Yea, you are missing something simple. There is no vacuum in front of the throttle blade and that is where that port gets air. There will also be a spike there as the TB initially shuts and the blow off valve opens.
Last edited by QuickSilver2002; Feb 3, 2005 at 11:34 PM.
Yea, you are missing something simple. There is no vacuum in front of the throttle blade and that is where that port gets air. There will also be a spike there as the TB initially shuts and the blow off valve opens.
OK, thanks.
Does the pressure spike only apply to supercharged cars, or would my wastegates keep this kind of spike in check? Did you have yours setup this way at some point? Were there any drivability/tuning issues associated with doing it?
Does the pressure spike only apply to supercharged cars, or would my wastegates keep this kind of spike in check?

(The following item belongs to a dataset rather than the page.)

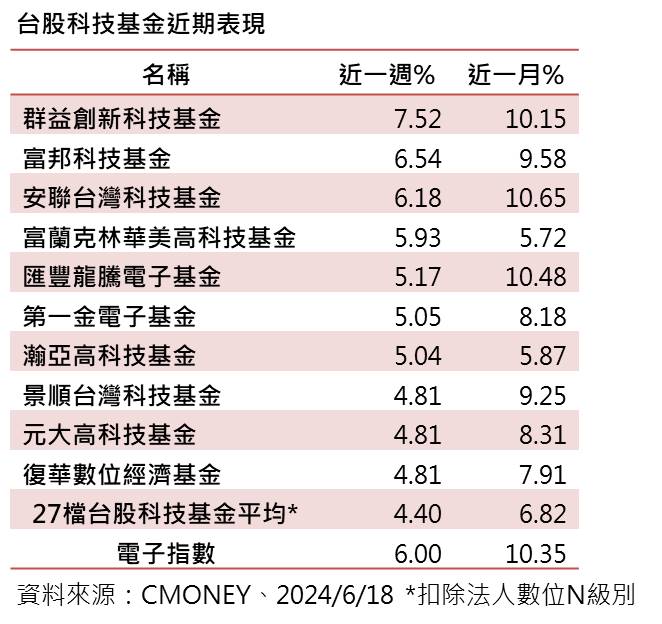 台股科技基金績效也水漲船高,統計27檔台股科技基金,近一周平均績效4.4%,其中,群益創新科技基金7.52%漲幅居冠,其次依序為富邦科技、安聯台灣科技基金,也有6%以上的好表現。法人表示,受到科技產業看俏的帶動,科技基金可望有連動效益,後市不看淡。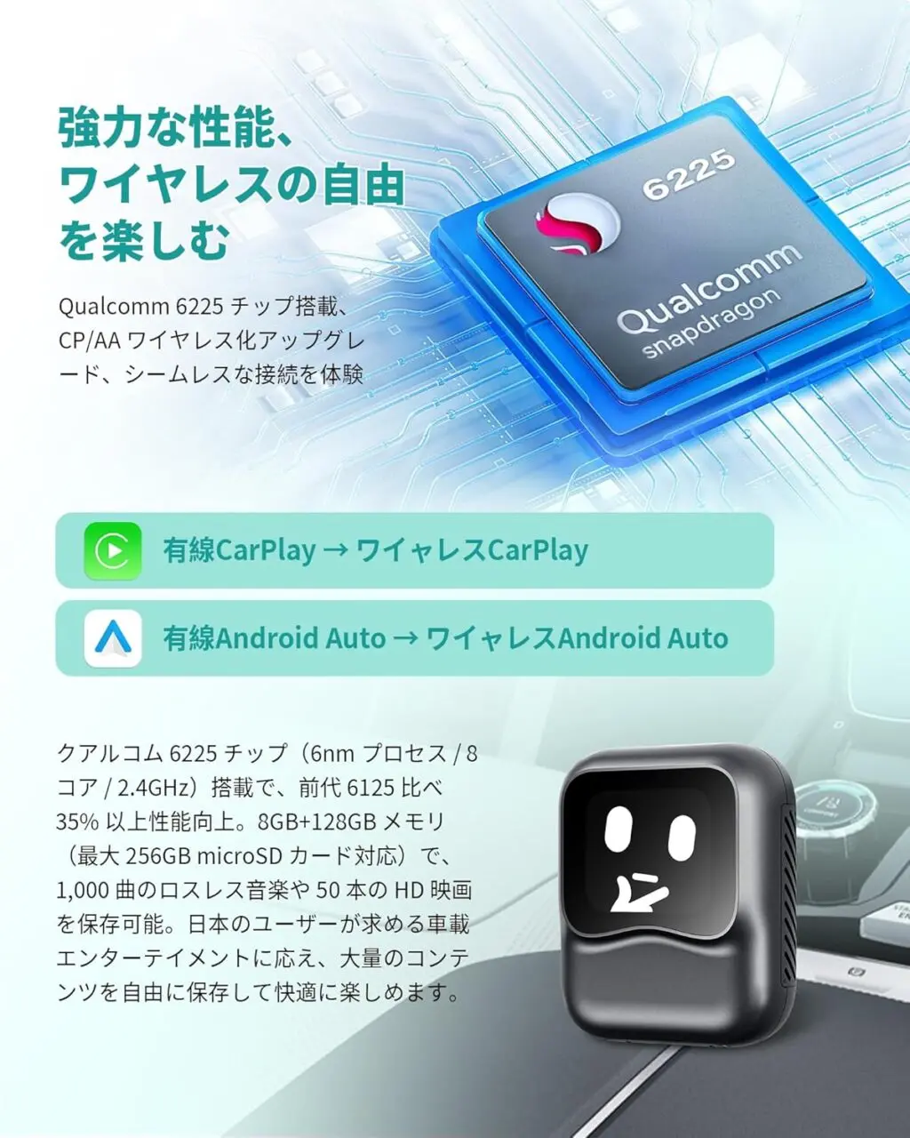 以上の通り、CarPlay対応ナビに接続するだけでカーナビをスマホ化でき、様々なアプリや便利機能を利用可能。さらにはAIを活用した音声操作もサポートするなど、前モデルから大幅な進化を果たしたCarPlay AIボックスとなっている。

Did you have yours setup this way at some point? Were there any drivability/tuning issues associated with doing it?
It would be the same on turbo and sc cars, wastegates only control the boost ceiling and don’t play much of a role when the TB closes.
I’ve never tried hooking up the FP regulator to the TB port, but common sense tells me it would be a bad idea. It might actually work to some extent, but I think it would be a pretty distorted signal.
I like the approach of just hooking up the regulator to the intake manifold vacuum and then flattening out the IFR table in the PCM.
One other thing, Reference regulators are to be setup with the port vented to atmosphere. So, with the Vac line disconnected, you dial in your base fuel pressure (60psi) and hook the lineback up. You will find at idle now the fuel pressure will be LESS than the the base of 60.